The report said growth is due to increases in multiplex screens and average ticket prices, diversity in content, improvements in distribution due to digitisation and more sophisticated marketing methods. However, box office growth slowed last year compared to the 24% increase in 2012.
In 2013, the industry added 150-200 new multiplex screens, mostly in Tier II and Tier III cities. Multiplexes now account for around 25% of the screens in the country, of which around 90-95% are now digital screens. LINK
India: The company whose Vice President of Technology was previously caught pirating a major Bollywood release and now controls India’s biggest digital cinema integrator (Scrabble) has bought a smaller E-Cinema rival:
K Sera Sera Digital Cinema Pvt Ltd, a wholly-owned subsidiary of KSS Ltd, is acquiring Digital Cinema and Technology India Pvt Ltd (DCAT) for an undisclosed amount, as per a stock market disclosure.
This will make it one of the strongest players offering full HD e-cinema services delivered through the satellite in India and the third-largest player in e-cinema theatre network. LINK
On its Technology page, K Sera Sera describes itself as “Piracy Proof.” Well, they definitely have a true expert on the subject onboard.
UK: Despite having no marquee name star (other than the horse puppet) War Horse has broken records for event cinema.
Following the first ever live 4K theatre broadcast, National Theatre Live and Sony is pleased to announce the production of War Horse was seen by over 155,000 people around the world (120,000 people in the UK alone).
This tops National Theatre Live’s previous live audience record of 110,000 people who saw The Audience with Helen Mirren, broadcast from the West End in June 2013 (80,000 of whom were in the UK).
On February 27th 2014, National Theatre Live (NT Live) broadcast War Horse live from the New London Theatre to cinemas across the world. The broadcast was filmed on six Sony F55 cameras and projected using a Sony 4K projector, ensuring cinema-goers enjoyed the best possible 4K viewing experience. LINK
Pakistan: PepsiCo has signed a major deal with Imax and Cinestar in Pakistan.
Mr Jahanzeb Khan, Vice President and General Manager, Pakistan & Afghanistan Business Unit, PepsiCo International and Mr Ali Chaudary Managing Director Cinestar SMC Pvt Limited signed an exclusive beverage supply agreement for the Cinestar Cinema across Pakistan.

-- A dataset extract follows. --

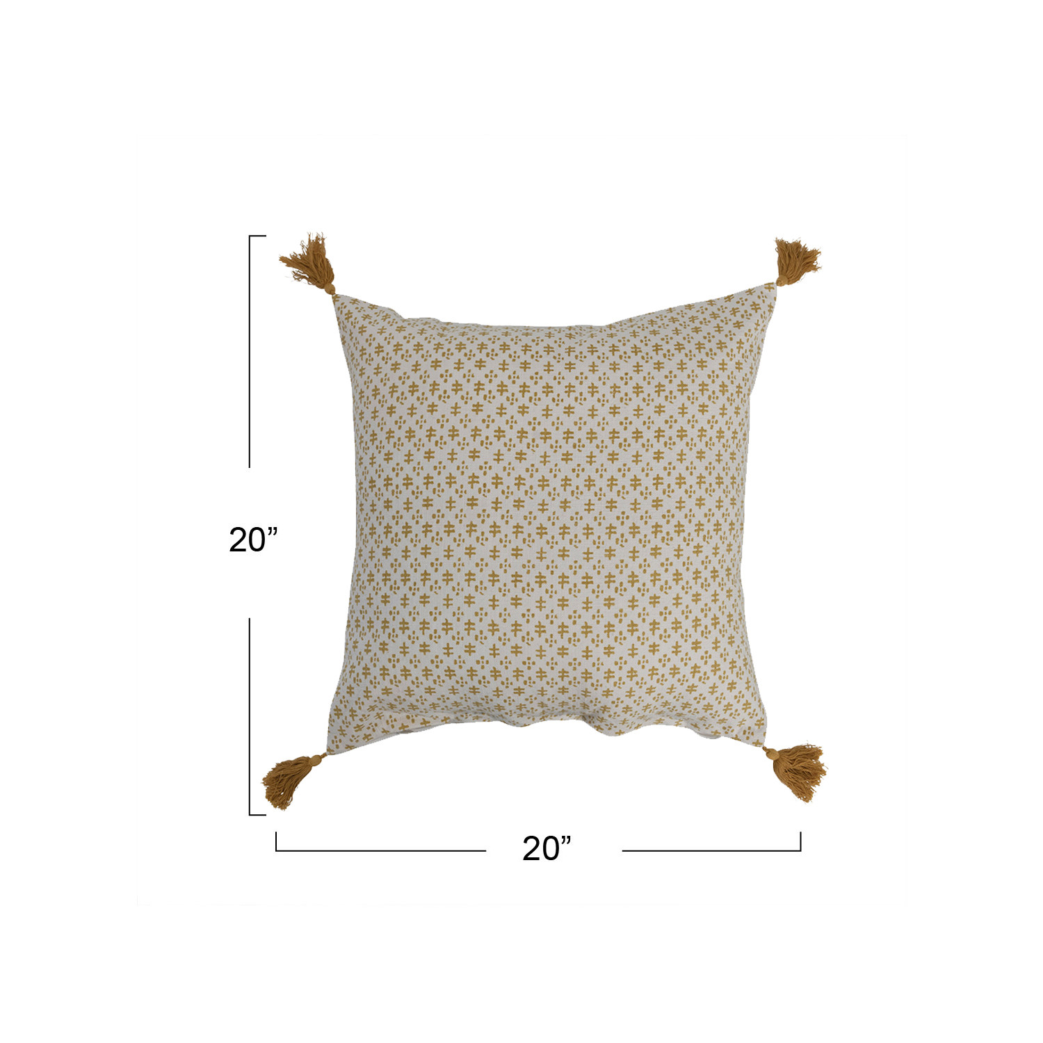 Catalog Name: 20" Square Cotton Pillow w/ Pattern & Tassels, Cream & Mustard Color

PepsiCo is the market leader in Pakistan with an LRB share of over 50% and has the distinction of being one of the largest PepsiCo market in the world. LINK
Denmark: An innovative advert for connecting concessions, cinema, cineasts and Coke:
Danish cinema-goers are surprised to see themselves appearing in the background of a short period-style drama, noisily slurping their Cokes and munching on popcorn, in a promotional stunt for Coca-Cola.
Creative agency Saatchi & Saatchi Denmark came up with the concept behind “The Coca-Cola Slurp”, which saw cinemagoers going to see ‘Anchorman 2: The Legend Continues’ filmed secretly in the cinema foyer and then superimposed into a pre-movie short, that includes steamy romantic scenes. LINK
Belgium: I am not sure how much of this is new technology and how much is marketing hype and attempted brand building for a turn-key digital cinema solution. Laser?
The technologies may be revolutionary, but the values and inspiration reflect back to the magic and moments that have made cinema special for more than 100 years. As the worldwide market share leader in digital cinema projection, Barco proudly introduces CinemaBarco, a rich and diverse array of entertainment experiences which will allow exhibitors and storytellers to reinvent the moviegoing experience for a new generation.
Imagine a wonderland of sights and sounds from the moment you walk through the door of your local multiplex, where everything around you is a modern expression of storytelling.
Follow us as we light a path to our much-anticipated movie screenings featuring Barco’s ultra-bright laser projector and life-like immersive sound.
Engage, interact and share as you experience the movies in an entirely new way…where you won’t just go to the movies, you’ll go into the movies!
Welcome to CinemaBarco. LINK
Brazil: Not sure what sort of communication they will use this for, but sounds important.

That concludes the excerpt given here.